На долю этого поколения выпало все, чем мог измучить человека ХХ век: «Так вот когда мы вздумали родиться / И безошибочно отмерив время, / Чтоб ничего не пропустить из зрелищ / Невиданных, простились с небытьем». Им на всю жизнь досталась еще одна пытка – пытка мыслью о том, что можно было поступить иначе. До старости дожили немногие, и те ощущали себя китежанами, жителями затонувшего города, обломками ушедшей на дно Атлантиды. Они не могли не спрашивать себя: а стоил ли этот выбор всего того, что за него пришлось заплатить? Не могли не задумываться: как могла быть прожита та жизнь – несостоявшаяся, не случившаяся, насильственно повернутая в другое русло?
Ахматова дает поразительный ответ в пятой из «Северных элегий», написанной в сентябре 1945 года:
Но если бы откуда-то взглянула
Я на свою теперешнюю жизнь,
Узнала бы я зависть наконец…
Недаром этой элегии предпослан эпиграф из Тютчева: «Блажен, кто посетил сей мир в его минуты роковые».
Почему зависть? Чему завидовать? Доле собеседника всеблагих на пиру? Возможности видеть и бездны человеческой черноты, и небывалое счастье победы над чернотой? Участи души, насильственно оторванной чуть не от всех, кого любила, и всего, чем можно было дорожить – чтобы найти свое единственное сокровище? Ахматова еще в ранних стихах предстает странницей, скиталицей, черной нищенкой – не то провидя, не то предписывая себе бесприютную судьбу. Она не дорожила вещами – раздаривала, раздавала, ничем не владела. Все важное и нужное и так было при ней – надежно уложено в памяти. Память сохраняла все: город с его кабачками, дворцами и парками, вьюгами и балами; отлетевшее счастье; стихи, написанные и сожженные на свечке; человеческие лица; целый мир – кажется, давно отмененный, объявленный не бывшим. И новый, невыносимый опыт, для которого, кажется, нет слов ни в одном человеческом языке – это тоже хранила память. И обещание, данное в очереди к Крестам – «сможете это описать?» — «смогу».
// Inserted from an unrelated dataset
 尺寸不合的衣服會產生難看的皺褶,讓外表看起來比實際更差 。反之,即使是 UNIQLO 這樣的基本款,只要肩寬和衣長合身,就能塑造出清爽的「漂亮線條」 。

Жить в безлюдной пустыне, дышать в безвоздушном пространстве — пронести память через десятилетия принудительного небытия, отмененной жизни, — и сохранить, и рассказать, и передать дальше — оказывается, так бывает. Это возможно, это в человеческих силах. Но как?
Наверное, это возможно только тогда, когда очень ясно ощущаешь, ради чего все это делается. Когда обнажается самая основа жизни в ее библейской простоте. Когда «виждь и внемли, исполнись волею Моей» становится не хрестоматийной строчкой, а насущной потребностью – видеть, запомнить, рассказать, назвать всех поименно – стать ртом, которым кричит стомильонный народ, — говорить правду.
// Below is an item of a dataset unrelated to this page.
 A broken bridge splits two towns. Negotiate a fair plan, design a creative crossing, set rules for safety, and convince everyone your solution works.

Когда непослушные, мучительные, пепельные строки, складываясь в стихи, обнаруживают ясное присутствие Музы – той самой, что Данту диктовала страницы «Ада». Когда понимаешь, что ты – как говорил один из современников Ахматовой – пусть «микроскопический, недостойный, но несомненный наследник Чеховых, Тургеневых, Куприна, Бунина…»
Когда различаешь в небе строгий взгляд потемневших ангельских глаз.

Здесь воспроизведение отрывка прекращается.